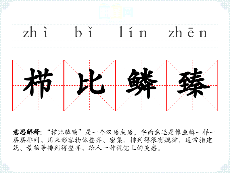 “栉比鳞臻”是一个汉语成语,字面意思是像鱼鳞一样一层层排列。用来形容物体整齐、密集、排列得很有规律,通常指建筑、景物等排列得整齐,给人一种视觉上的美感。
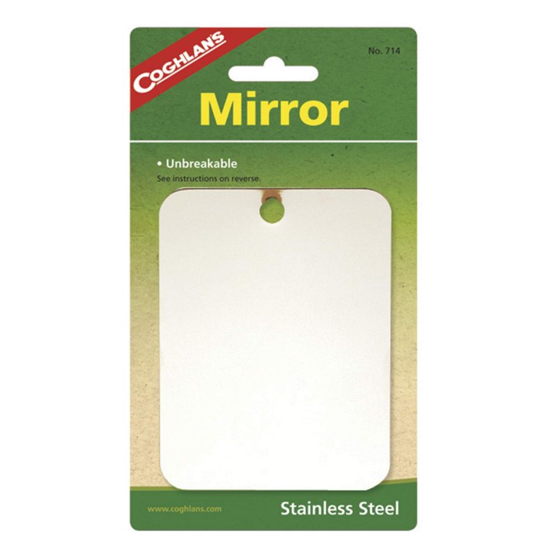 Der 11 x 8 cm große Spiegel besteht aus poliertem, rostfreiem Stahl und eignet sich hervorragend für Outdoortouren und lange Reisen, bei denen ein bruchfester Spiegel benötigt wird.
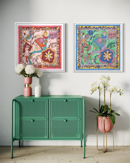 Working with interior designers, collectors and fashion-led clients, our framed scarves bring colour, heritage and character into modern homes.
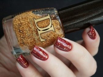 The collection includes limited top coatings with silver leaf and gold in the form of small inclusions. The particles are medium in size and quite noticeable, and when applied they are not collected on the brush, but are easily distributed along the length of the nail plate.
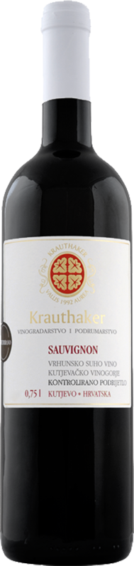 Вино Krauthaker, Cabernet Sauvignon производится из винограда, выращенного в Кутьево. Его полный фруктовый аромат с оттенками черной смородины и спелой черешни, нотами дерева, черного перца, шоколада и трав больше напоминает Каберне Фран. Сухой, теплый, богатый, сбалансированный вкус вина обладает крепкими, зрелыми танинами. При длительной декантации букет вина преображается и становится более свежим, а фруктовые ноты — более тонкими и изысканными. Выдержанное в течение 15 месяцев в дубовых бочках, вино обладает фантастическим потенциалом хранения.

+ + + +

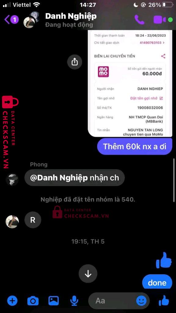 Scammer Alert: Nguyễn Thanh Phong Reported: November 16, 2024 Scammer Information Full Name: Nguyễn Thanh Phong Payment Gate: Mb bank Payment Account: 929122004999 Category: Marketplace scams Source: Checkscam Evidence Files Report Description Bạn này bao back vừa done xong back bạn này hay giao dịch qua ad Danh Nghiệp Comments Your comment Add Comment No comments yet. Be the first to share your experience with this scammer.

+ + + +

> **Instructions for the task**
Find the line with "Der 11 x 8 cm" in the data above, and from there retype each line exactly through the line with "The collection includes", skipping the pictures along the way.

> **Response to the task**
 Der 11 x 8 cm große Spiegel besteht aus poliertem, rostfreiem Stahl und eignet sich hervorragend für Outdoortouren und lange Reisen, bei denen ein bruchfester Spiegel benötigt wird.
 Working with interior designers, collectors and fashion-led clients, our framed scarves bring colour, heritage and character into modern homes.
 The collection includes limited top coatings with silver leaf and gold in the form of small inclusions. The particles are medium in size and quite noticeable, and when applied they are not collected on the brush, but are easily distributed along the length of the nail plate.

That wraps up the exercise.